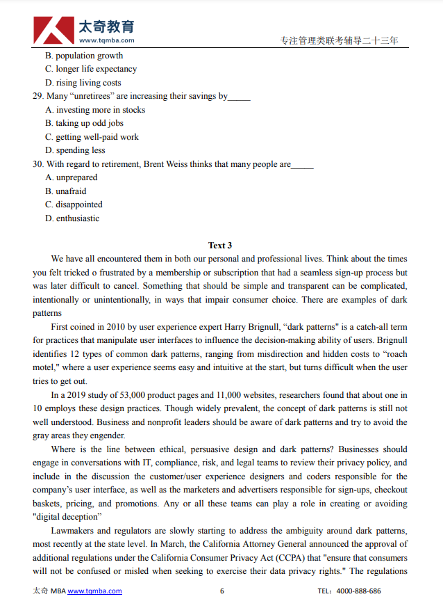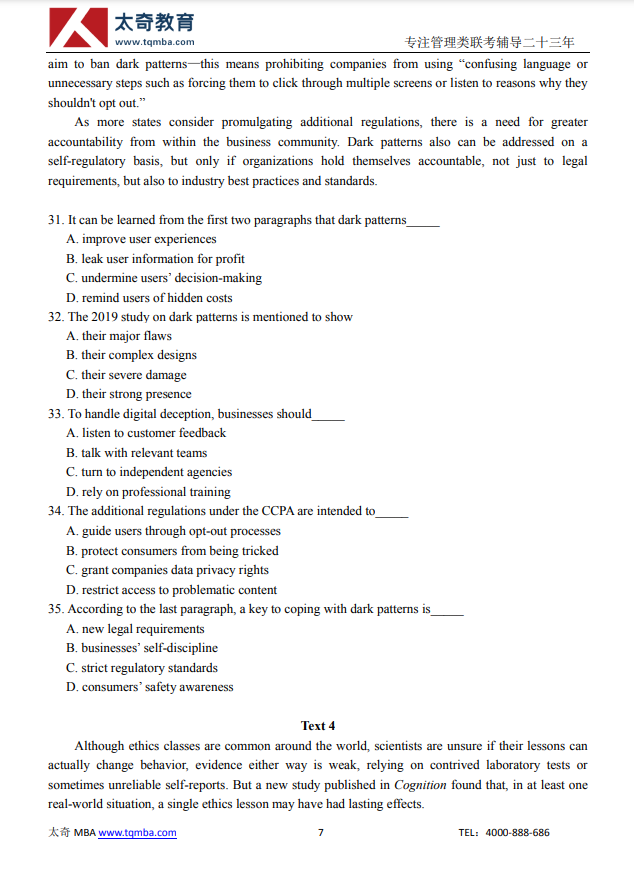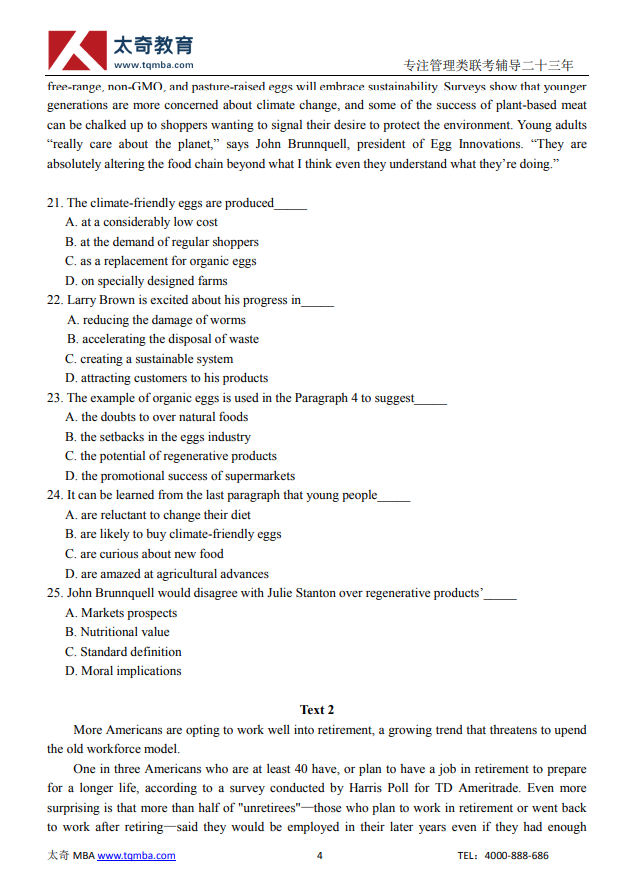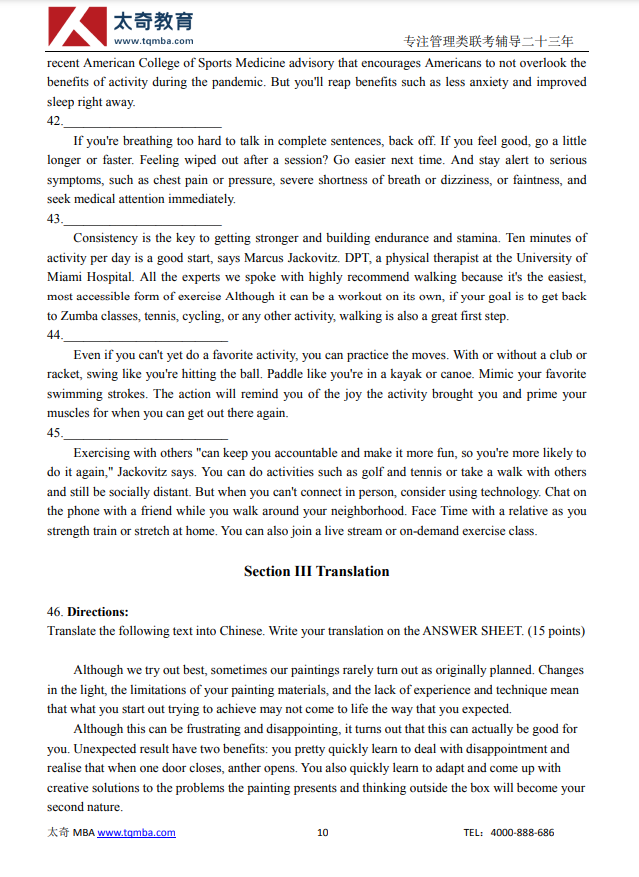 太奇2021管理類聯(lián)考真題命中對照匯總
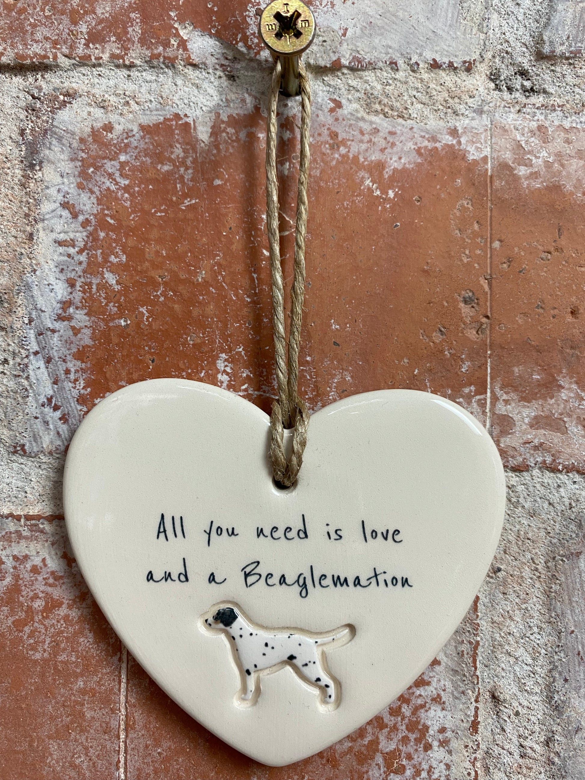 Bring a touch of canine charm to your home or surprise a loved one with this adorable 'All you need is love and a Beaglemation (Beagle x Dalmatian cross)' ceramic heart ornament. Designed and Handcrafted in our Northumberland studio using the finest earthenware clay.
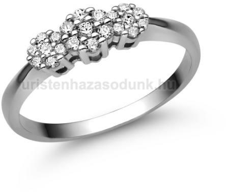 Különleges eljegyzési gyűrű, 21 darab cirkónia kővel, mely 3 virág formát alkot.
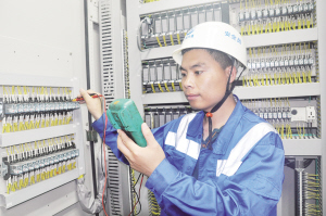 在距離地面50米高的鐵房子里,時而測量配電柜、錯綜復雜線路的電流電壓,時而檢查電動機、各種傳動裝置的運行情況。記者近日來到太倉正和碼頭有限公司采訪,看到安全保障部副經(jīng)理王永春正在給一臺岸橋檢查“心臟”。
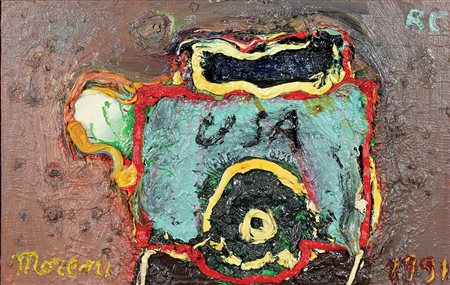 Moreni Mattia USA RC, 1991 colori su tela, cm 40x62,5 firmato in basso a sinistra, autentica dell'artista su fotografia datata 1991 ottobre
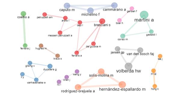 Quanto à rede de colaboração entre autores a Figura 5 apresenta as principais relações entre os pesquisadores de Innovation Exploitation, Innovation Exploration ou ainda Innovation Ambidexterity. De acordo com a amostra de dados da pesquisa, as 3 redes mais importantes são em primeiro os pesquisadores italianos Michelino, Caputo e Cammarano com 6 artigos. A pesquisa de maior destaque dos autores possui 118 citações é “Inovação Aberta Inbound e Outbound: Organização e Performances”, publicada no Journal of Technology Management & Amp, em 2014.
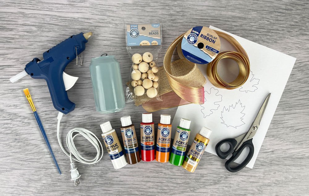 A) Paint the metal leaves. We used brown and red for one leaf, and brown and green for the other. Let dry.
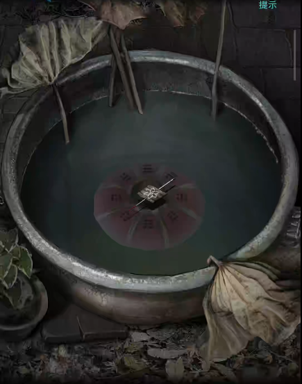 6. 将磁针放在外面的水缸里,可看见磁针的指针指向两个卦象,根据卦象点击原捡到磁针位置,获得何氏祖谱。
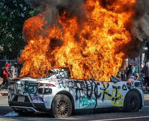 戦場での取材経験があるフォトグラファー、マーク・エドワード・ハリス氏は8日、オレンジの炎に包まれる乗用車の写真をインスタグラムにアップした。車体には「ICE、クソでもくらえ」とスプレーで書いてある。
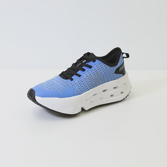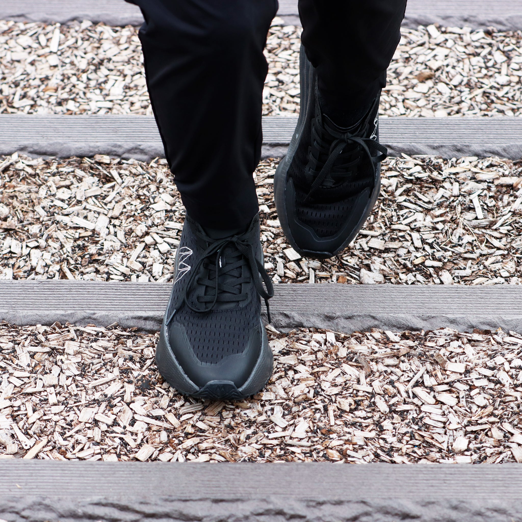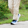 前足・かかと部分が反り上がったソールは、少し重心を前に傾けるだけで、転がるように足が自然と前に進みます。 歩くときの蹴り出しをサポートすることで、少ない力でスムーズに歩けます
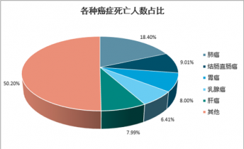 肺癌、乳腺癌和結腸直腸癌是罹患人數最多的癌癥。肺癌死亡人數最多,預計2018年將造成180萬人死亡,占預計癌癥死亡總人數的18.4%;結腸直腸癌造成的死亡人數排第二,將導致88.1萬人死亡;乳腺癌排名第五,將導致62.7萬人死亡。肺癌、結腸直腸癌和乳腺癌這3種癌癥加在一起,占2018年全球預計癌癥死亡人數的1/3。此外,胃癌和肝癌分別會導致78.3萬人、78.2萬人死亡,排名第三和第四。
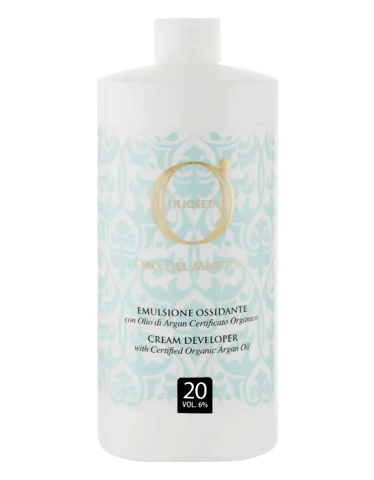 Окислювальна емульсія створена для синергічної дії з крем-фарбою, що суперосвітлює крем-фарбою без аміаку й просвітлює порошком Oro del Marocco. Кремоподібна текстура гарантує легкість нанесення й ідеальне формування косметичного відтінку з дбайливим ставленням до структури волосся, Ексклюзивна формула містить арганову олію, що глибоко живить і зволожує волосся. НЕ МІСТИТЬ ПАРОБЕНОВ.
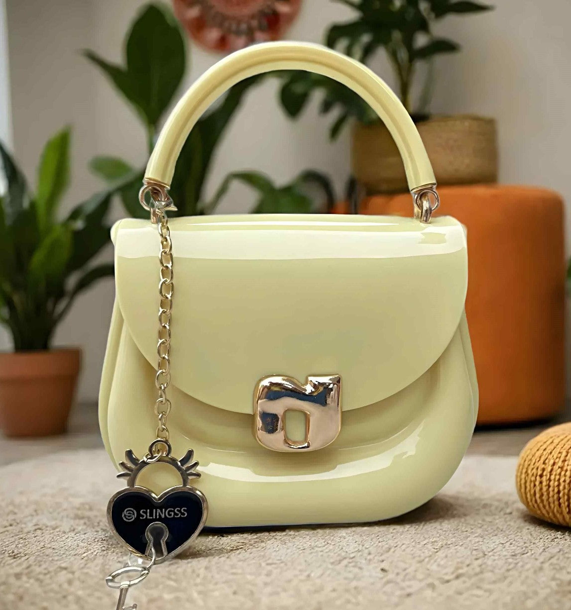 Slingss Mini Partywear Silicon Purse For Girls With Handel & Long Belt
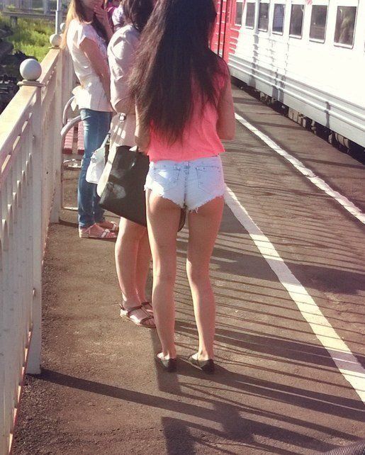 Шикарные задницы в джинсовых шортах на улице
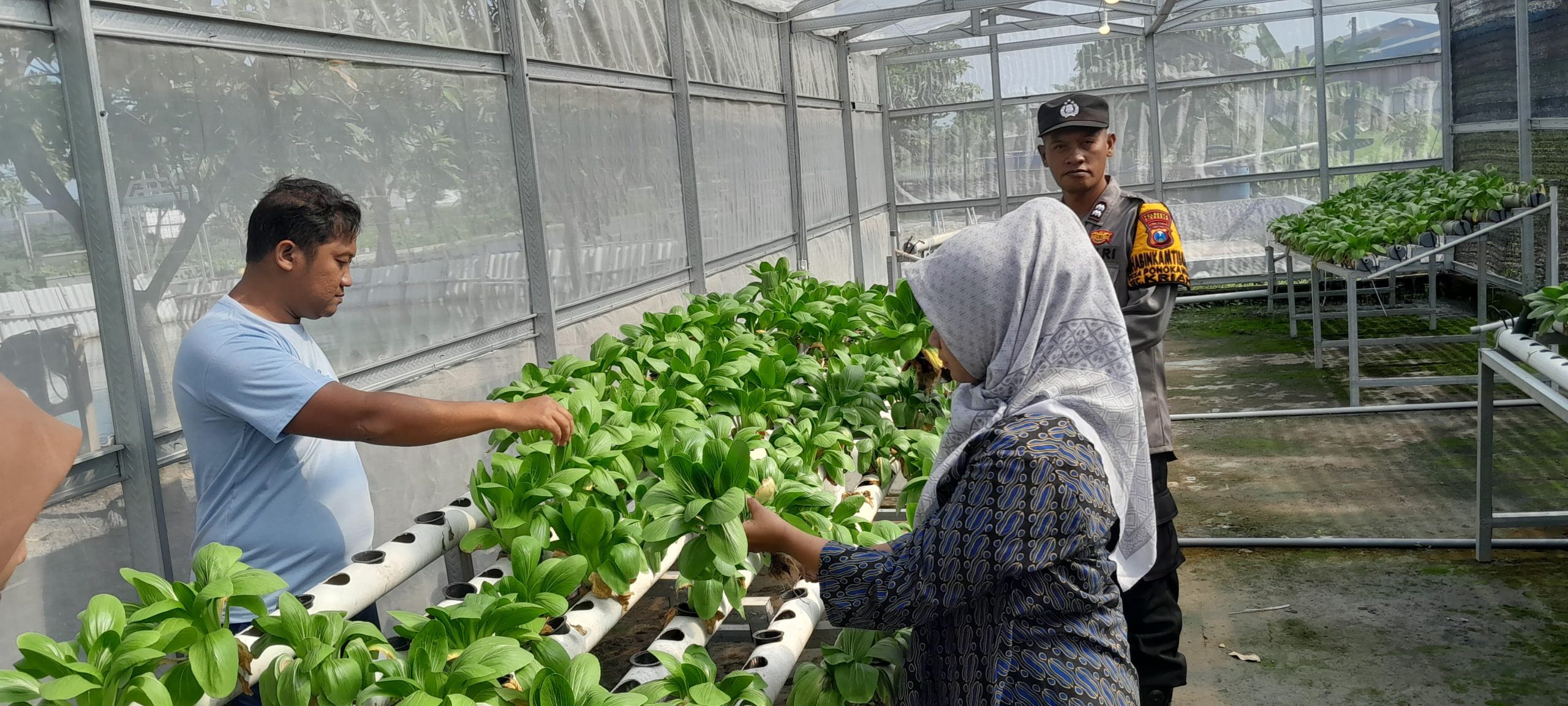 Kerian,locusdelictinews|Sebagai bentuk komitmen mendukung program ketahanan pangan nasional, Polsek Krian Polresta Sidoarjo melalui Bhabinkamtibmas Desa Ponokawan, Aiptu Iswahyudi, terus aktif mendampingi masyarakat dalam berbagai kegiatan produktif. Salah satunya adalah dengan memantau langsung perkembangan tanaman hidroponik pakcoy yang dikelola bersama warga di Desa Ponokawan, Kecamatan Krian.
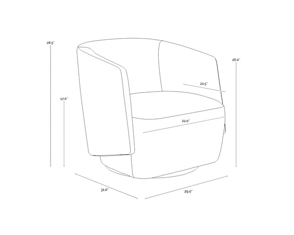 Velvety soft fabric and inviting curves give the Sarina Swivel Lounge Chair a relaxing experience. This stylish two-tone design is expertly upholstered with meg taupe fabric on the seat interior and meg gold fabric on the back exterior.
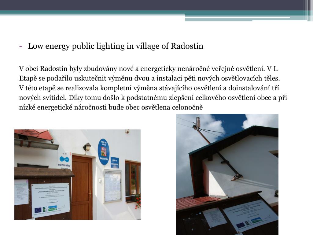 Lowenergy public lighting in villageofRadostín V obci Radostín byly zbudovány nové a energeticky nenáročné veřejné osvětlení. V I. Etapě se podařilo uskutečnit výměnu dvou a instalaci pěti nových osvětlovacích těles. V této etapě se realizovala kompletní výměna stávajícího osvětlení a doinstalování tří nových svítidel. Díky tomu došlo k podstatnému zlepšení celkového osvětlení obce a při nízké energetické náročnosti bude obec osvětlena celonočně
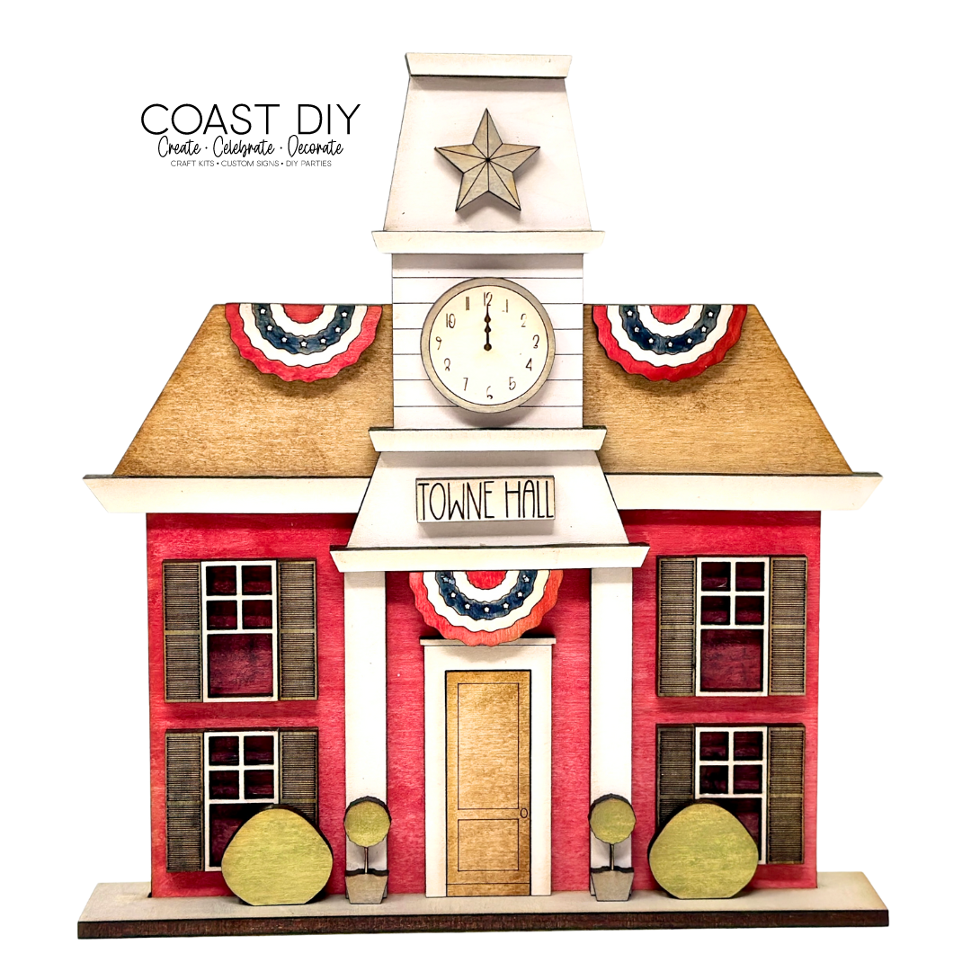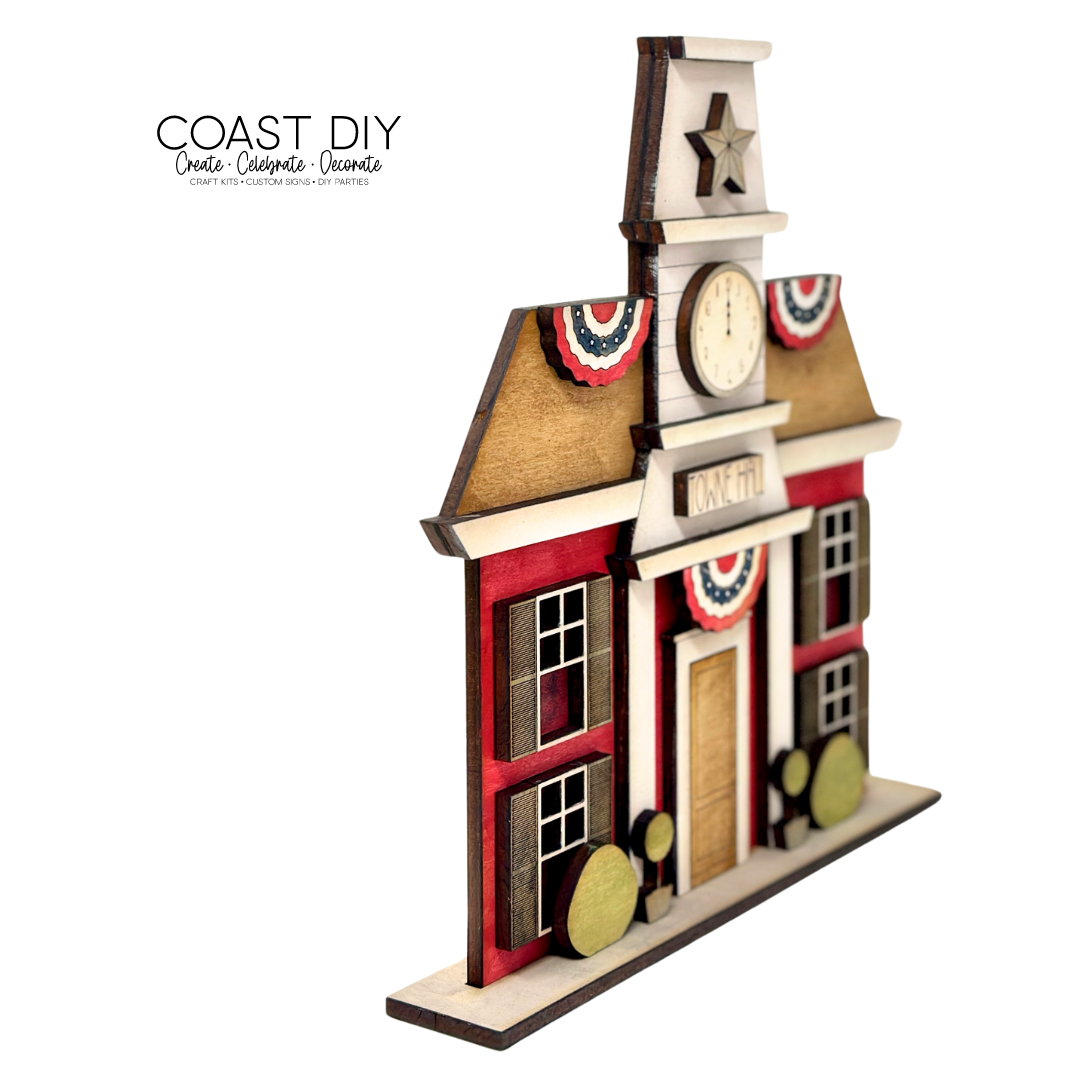 The Towne Hall shelf sitter is 9.6" tall and9" wide and comes with a second layer detail on the front that holds the clock face. This design is one-sided, which is different than my other villages, and includes all the details of the Americana Summer Village like the rectangle front door and windows.

> **ACTIVITY**:
Set the pictures aside and transcribe the data above exactly.

> **RESPONSE**:
 太奇2021管理類聯(lián)考真題命中對照匯總
 Bring a touch of canine charm to your home or surprise a loved one with this adorable 'All you need is love and a Beaglemation (Beagle x Dalmatian cross)' ceramic heart ornament. Designed and Handcrafted in our Northumberland studio using the finest earthenware clay.
 Különleges eljegyzési gyűrű, 21 darab cirkónia kővel, mely 3 virág formát alkot.
 在距離地面50米高的鐵房子里,時而測量配電柜、錯綜復雜線路的電流電壓,時而檢查電動機、各種傳動裝置的運行情況。記者近日來到太倉正和碼頭有限公司采訪,看到安全保障部副經(jīng)理王永春正在給一臺岸橋檢查“心臟”。
 Moreni Mattia USA RC, 1991 colori su tela, cm 40x62,5 firmato in basso a sinistra, autentica dell'artista su fotografia datata 1991 ottobre
 Quanto à rede de colaboração entre autores a Figura 5 apresenta as principais relações entre os pesquisadores de Innovation Exploitation, Innovation Exploration ou ainda Innovation Ambidexterity. De acordo com a amostra de dados da pesquisa, as 3 redes mais importantes são em primeiro os pesquisadores italianos Michelino, Caputo e Cammarano com 6 artigos. A pesquisa de maior destaque dos autores possui 118 citações é “Inovação Aberta Inbound e Outbound: Organização e Performances”, publicada no Journal of Technology Management & Amp, em 2014.
 A) Paint the metal leaves. We used brown and red for one leaf, and brown and green for the other. Let dry.
 6. 将磁针放在外面的水缸里,可看见磁针的指针指向两个卦象,根据卦象点击原捡到磁针位置,获得何氏祖谱。
 戦場での取材経験があるフォトグラファー、マーク・エドワード・ハリス氏は8日、オレンジの炎に包まれる乗用車の写真をインスタグラムにアップした。車体には「ICE、クソでもくらえ」とスプレーで書いてある。
 前足・かかと部分が反り上がったソールは、少し重心を前に傾けるだけで、転がるように足が自然と前に進みます。 歩くときの蹴り出しをサポートすることで、少ない力でスムーズに歩けます
 肺癌、乳腺癌和結腸直腸癌是罹患人數最多的癌癥。肺癌死亡人數最多,預計2018年將造成180萬人死亡,占預計癌癥死亡總人數的18.4%;結腸直腸癌造成的死亡人數排第二,將導致88.1萬人死亡;乳腺癌排名第五,將導致62.7萬人死亡。肺癌、結腸直腸癌和乳腺癌這3種癌癥加在一起,占2018年全球預計癌癥死亡人數的1/3。此外,胃癌和肝癌分別會導致78.3萬人、78.2萬人死亡,排名第三和第四。
 Окислювальна емульсія створена для синергічної дії з крем-фарбою, що суперосвітлює крем-фарбою без аміаку й просвітлює порошком Oro del Marocco. Кремоподібна текстура гарантує легкість нанесення й ідеальне формування косметичного відтінку з дбайливим ставленням до структури волосся, Ексклюзивна формула містить арганову олію, що глибоко живить і зволожує волосся. НЕ МІСТИТЬ ПАРОБЕНОВ.
 Slingss Mini Partywear Silicon Purse For Girls With Handel & Long Belt
 Шикарные задницы в джинсовых шортах на улице
 Kerian,locusdelictinews|Sebagai bentuk komitmen mendukung program ketahanan pangan nasional, Polsek Krian Polresta Sidoarjo melalui Bhabinkamtibmas Desa Ponokawan, Aiptu Iswahyudi, terus aktif mendampingi masyarakat dalam berbagai kegiatan produktif. Salah satunya adalah dengan memantau langsung perkembangan tanaman hidroponik pakcoy yang dikelola bersama warga di Desa Ponokawan, Kecamatan Krian.
 Velvety soft fabric and inviting curves give the Sarina Swivel Lounge Chair a relaxing experience. This stylish two-tone design is expertly upholstered with meg taupe fabric on the seat interior and meg gold fabric on the back exterior.
 Lowenergy public lighting in villageofRadostín V obci Radostín byly zbudovány nové a energeticky nenáročné veřejné osvětlení. V I. Etapě se podařilo uskutečnit výměnu dvou a instalaci pěti nových osvětlovacích těles. V této etapě se realizovala kompletní výměna stávajícího osvětlení a doinstalování tří nových svítidel. Díky tomu došlo k podstatnému zlepšení celkového osvětlení obce a při nízké energetické náročnosti bude obec osvětlena celonočně
 The Towne Hall shelf sitter is 9.6" tall and9" wide and comes with a second layer detail on the front that holds the clock face. This design is one-sided, which is different than my other villages, and includes all the details of the Americana Summer Village like the rectangle front door and windows.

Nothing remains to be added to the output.